In the paper, it is said that the langid token should also be included as input to the decoder:
bart_langid

Can you please clarify whether this is a mistake in the paper or a bug in the implementation?

cbaziotis on 9 May 2020

👍1

I would be really glad if you found a solution to this issue.

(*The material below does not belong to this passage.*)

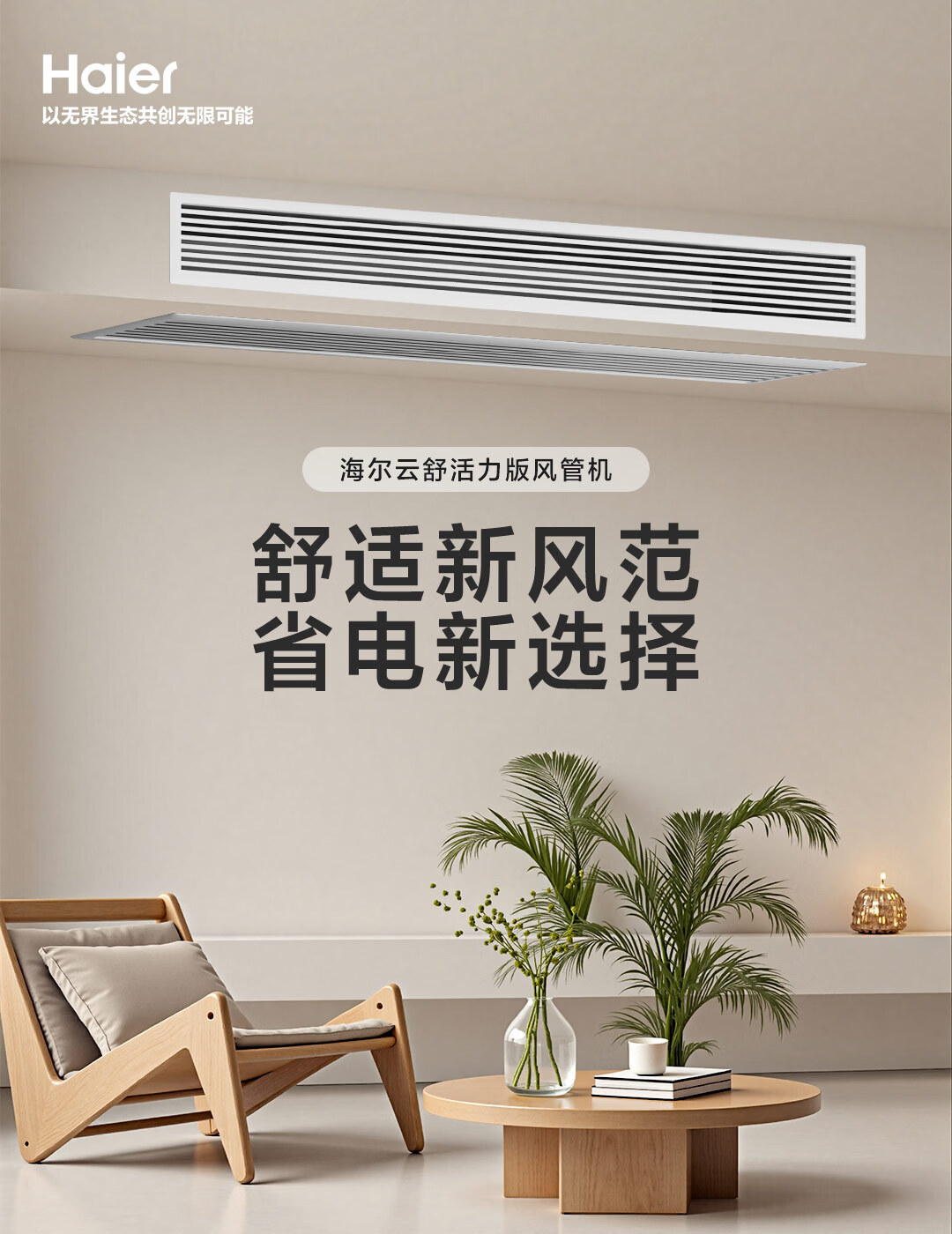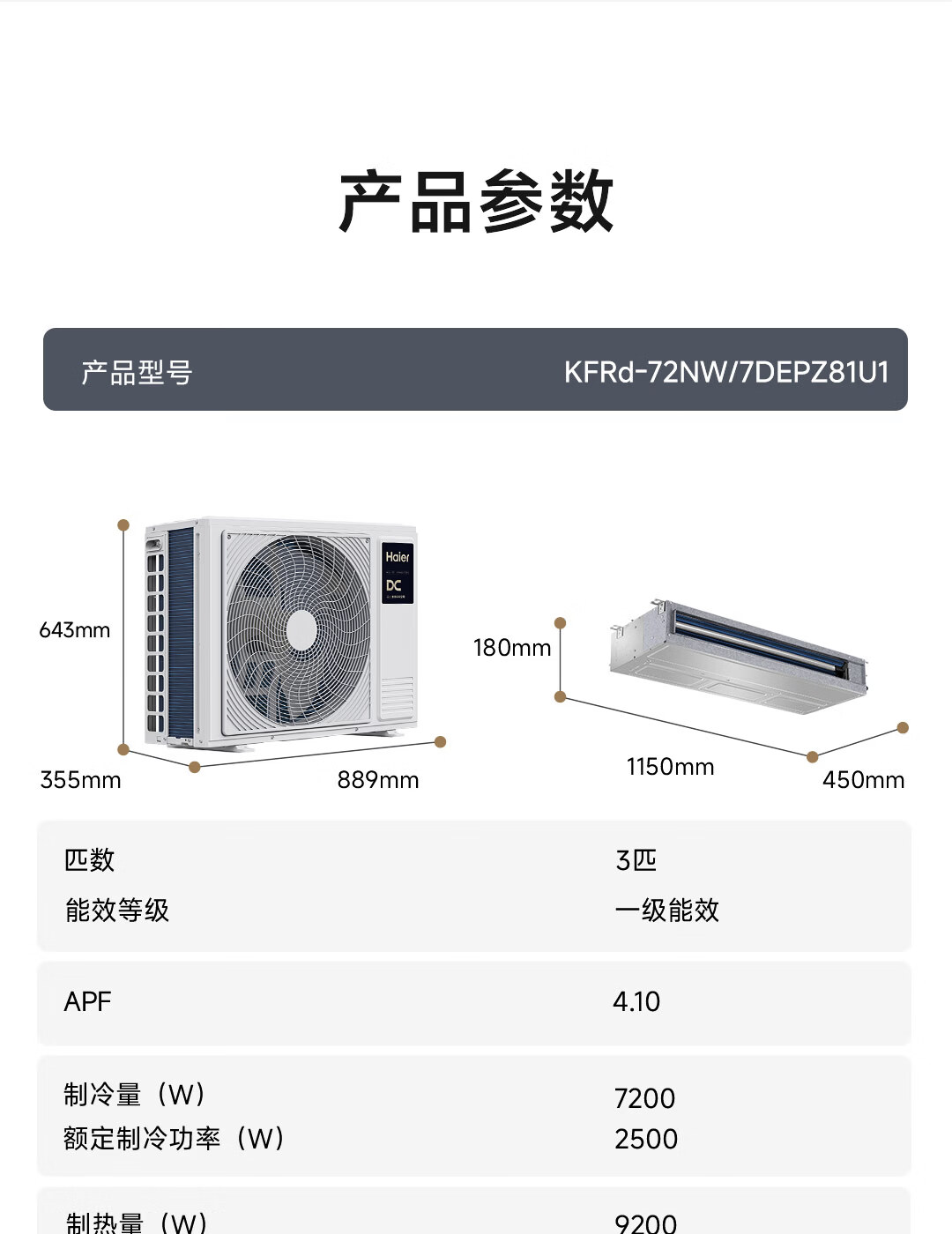 海尔(Haier)中央空调风管机一拖一客厅3匹超高性价比 纯铜管 一级能效 一价全包KFRd-72NW/7DEPZ81U1 云舒活力3匹 行业超薄 除菌自清洁 【一价全包】

redionxhepa on 11 May 2020

In practice, I am not sure whether this is important, because even in Google's latest paper about massively multilingual NMT they just prepend a target language token to every source sequence.

That being said, there is definitely a discrepancy between the current implementation in master and what is described in the paper (both in the text and in the figure). It would be nice to get a definitive answer from someone that was involved in the project and knows more...

cbaziotis on 11 May 2020

@dkavaler @villmow Hi, Were you able to successfully pre-train the model. If so can you please explain how?